GenRec: A Preference-Oriented Generative Framework for Large-Scale Recommendation

Generative Retrieval (GR) offers a promising paradigm for recommendation through next-token prediction (NTP). However, scaling it to large-scale industrial systems introduces three challenges: (i) within a single request, the identical model inputs may produce inconsistent outputs due to the pagination request mechanism; (ii) the prohibitive cost of encoding long user behavior sequences with multi-token item representations based on semantic IDs, and (iii) aligning the generative policy with nuanced user preference signals. We present GenRec, a preference-oriented generative framework deployed on the JD App that addresses above challenges within a single decoder-only architecture. For training objective, we propose Page-wise NTP task, which supervises over an entire interaction page rather than each interacted item individually, providing denser gradient signal and resolving the one-to-many ambiguity of point-wise training. On the prefilling side, an asymmetric linear Token Merger compresses multi-token Semantic IDs in the prompt while preserving full-resolution decoding, reducing input length by ~2X with negligible accuracy loss.

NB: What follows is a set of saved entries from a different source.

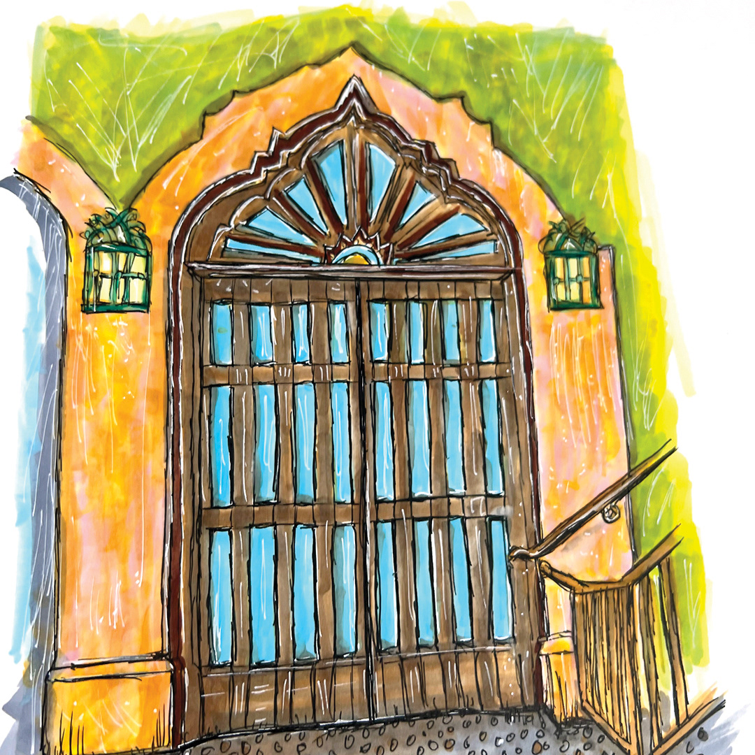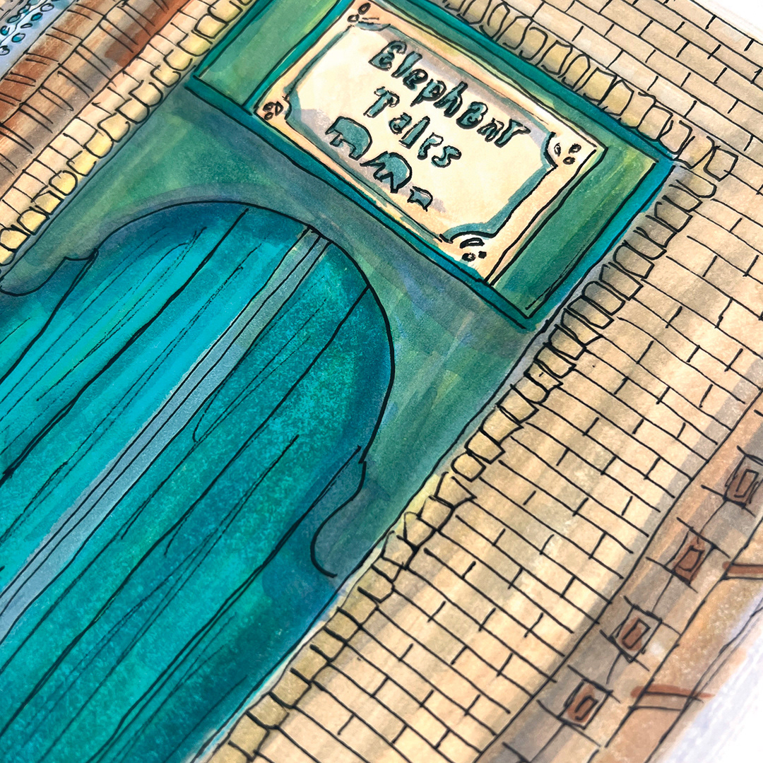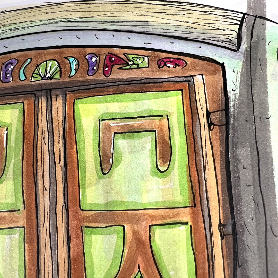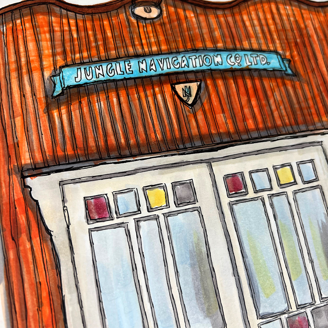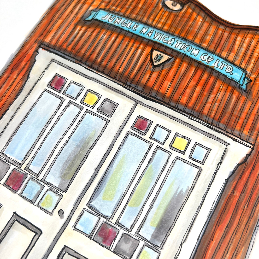 Series: Dream Doorways Magic Kingdom Adventureland Media: Mixed Media on Paper Size: 14h x 11w inches Matted Size: 20h x 16w inches
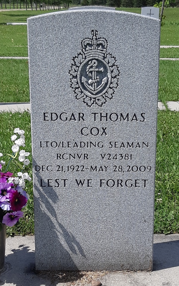 COX, Edgar Thomas - our beloved husband, father, grandfather, great-grandfather, brother, brother-in-law and uncle passed peacefully in his sleep May 28, 2009 at age 86. Affectionately called Pop Dad had an infectious smile, a twinkle in his eye and a wonderful since of humor. He loved his wife Catherine (Kay) and devoted his life to her. Survived by four children Sheila Brisley, Linda (Don deceased) Fox, Carol (Terry) Brisley, Tom (Sharon) Cox; an extended family of ten grandchildren and 15 great-grandchildren. At age 15 Dad started his career with The Hudson's Bay Company (The Bay) in Winnipeg delivering parcels by bicycle. At 17 he enlisted in the Royal Canadian Navy Reserve becoming Leading Torpedoman/Leading Seaman completing two tours of duty. After the war, Dad returned to work for The Bay as an electrician and retired after 47 years of service. He was a handyman with many skills and spent countless hours helping others. Dad's love of family was immeasurable. His last three years were dedicated to the care of his wife. Dad was happiest puttering, devising new tools to help mom, renovating bathrooms, rewiring homes and cottages, that was Pop! He loved sunsets at the beach, gladiolas, his garden, playing the organ, a good game of golf; he enjoyed it all in his own quiet way. Dad was a thinker, always planning, always teaching. The following poem was chosen by Dad. TO MY FAMILY: I go from you gently for it is my time, To take the next step in this journey of mine; Don't grieve for me long - I've not left you alone, For I will be with you In the love that we've known, That love is forever and some day when it's time You'll join me again on this journey of mine. Anonymous. A Celebration of Life will be held at the Transcona Memorial United Church, 209 Yale Ave. West on Wednesday June 3, 2009 at 10:30 a.m., reception to follow. Interment will take place at the Transcona Cemetery at 2:00 p.m. In lieu of flowers the family would appreciate a donation to the Heart and Stroke Foundation. (The Winnipeg Free Press 01 Jun 2009)
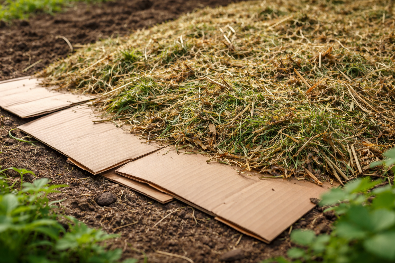 Gebruik gemaaid gras, stro of houtsnippers als toplaag.
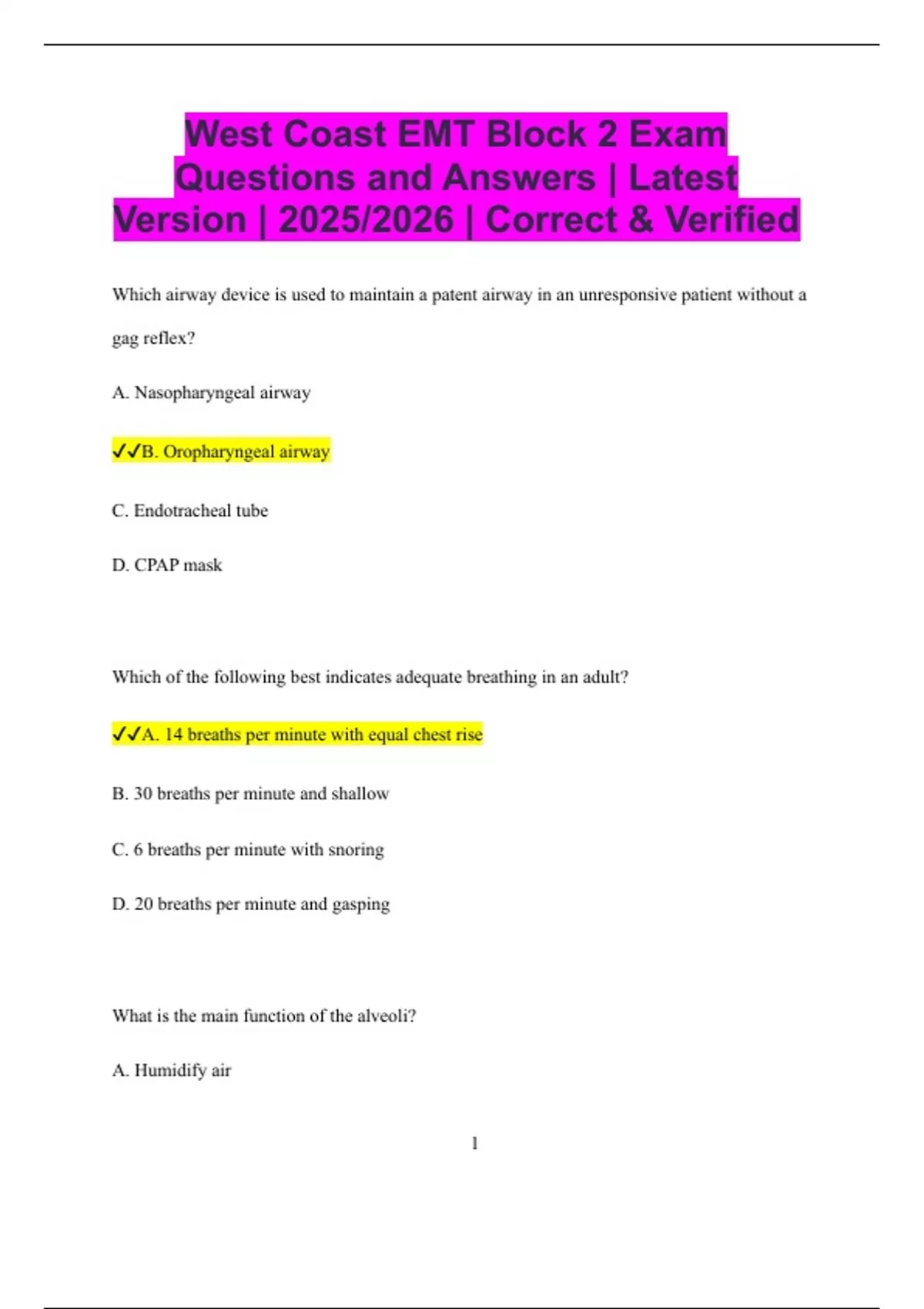 ✔✔A. Observe chest rise
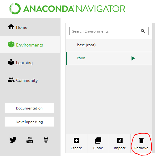 명령프롬프트로 제거하지 않고 위의 화면에서도 가상환경 제거가 가능하다.

To further align outputs with user satisfaction, we introduce GRPO-SR, a reinforcement learning method that pairs Group Relative Policy Optimization with NLL regularization for training stability, and employs Hybrid Rewards combining a dense reward model with a relevance gate to mitigate reward hacking. In month-long online A/B tests serving production traffic, GenRec achieves 9.5% improvement in click count and 8.7% in transaction count over the existing pipeline.

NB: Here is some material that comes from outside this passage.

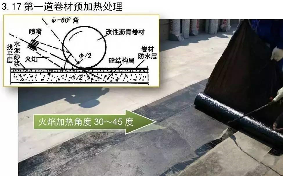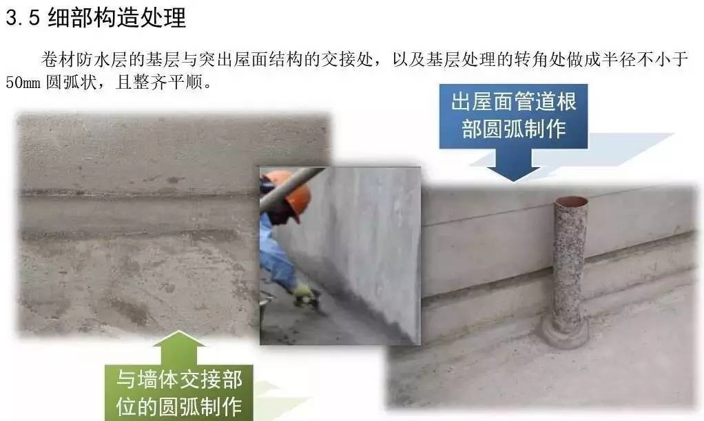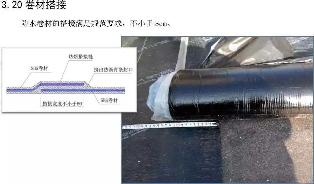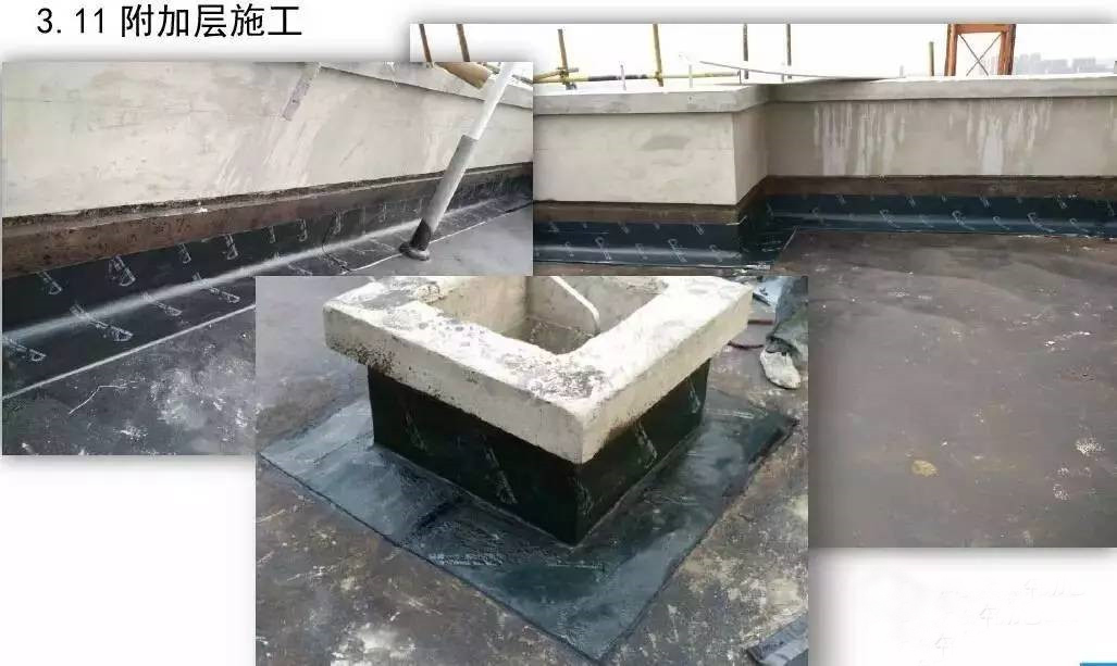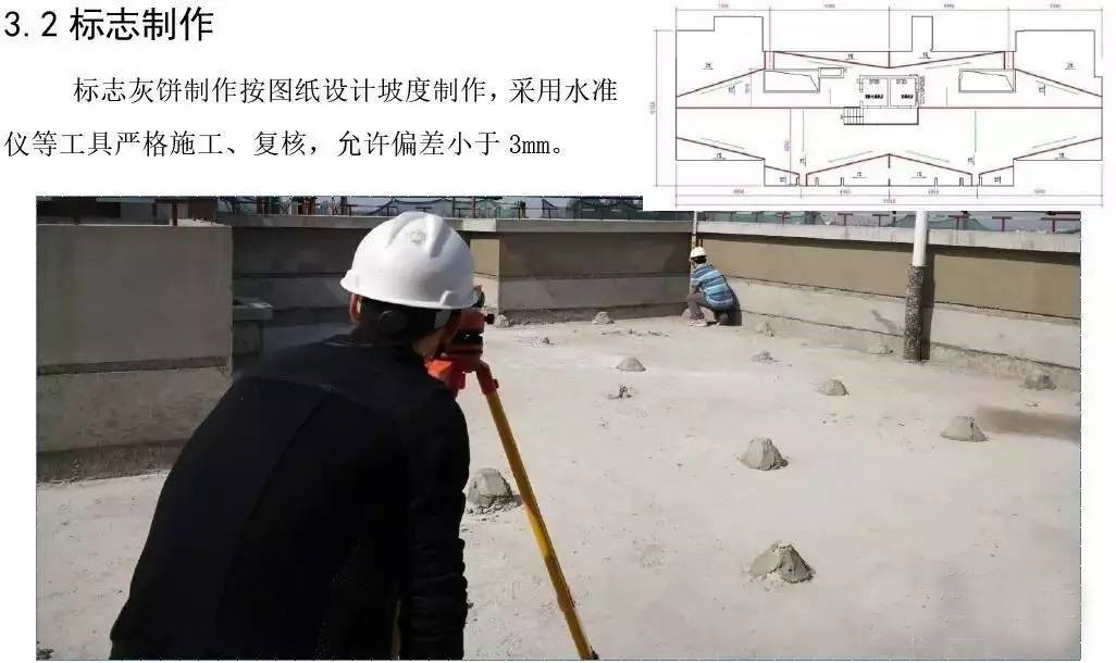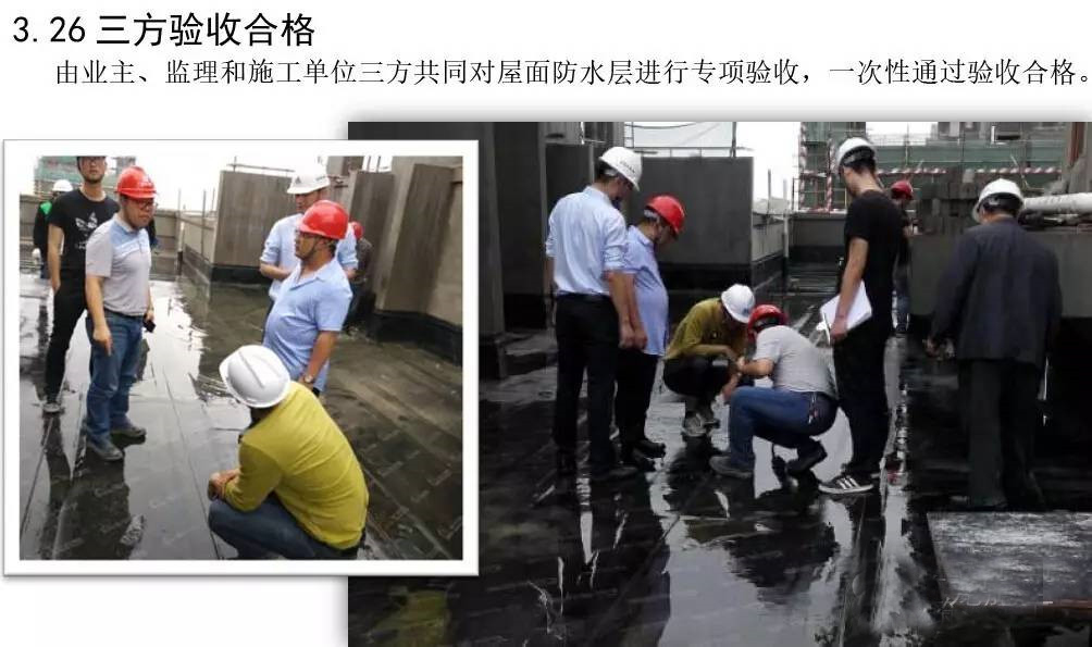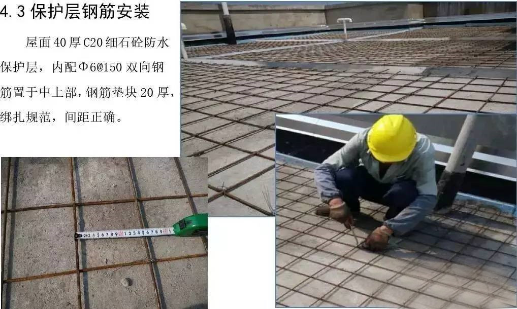 屋面防水工程为3厚SBS自粘聚合物改性沥青聚酯胎体防水卷材两道;40厚C20细石混凝土保护层内配Φ6@150双向钢筋。根据现场实际施工进度情况,确定3#楼屋面防水工程作为样板展示区,其它楼号参照3#楼屋面执行施工。

翻译：生成式检索（GR）通过下一词元预测（NTP）为推荐系统提供了一种有前景的范式。然而，将其扩展到大规模工业系统面临三大挑战：（i）在单个请求中，由于分页请求机制，相同的模型输入可能产生不一致的输出；（ii）基于语义ID的多词元项目表示对长用户行为序列进行编码的成本过高；（iii）生成策略与细粒度用户偏好信号的对齐问题。我们提出GenRec——一个部署于京东App的偏好导向生成式框架，采用纯解码器架构解决上述挑战。在训练目标方面，我们提出页面级NTP任务，该任务对完整交互页面而非单个交互项目进行监督，提供更密集的梯度信号并消除逐点训练中的一对多歧义性。在预填充阶段，非对称线性词元合并器在压缩提示中多词元语义ID的同时保持全分辨率解码，将输入长度缩减约2倍且精度损失可忽略。为进一步使输出与用户满意度对齐，我们引入GRPO-SR——一种强化学习方法，将分组相对策略优化与NLL正则化相结合以保证训练稳定性，并采用结合密集奖励模型与相关性门控的混合奖励机制以缓解奖励篡改。在生产流量长达一个月的在线A/B测试中，GenRec相较于现有流水线在点击次数上提升9.5%，交易次数上提升8.7%。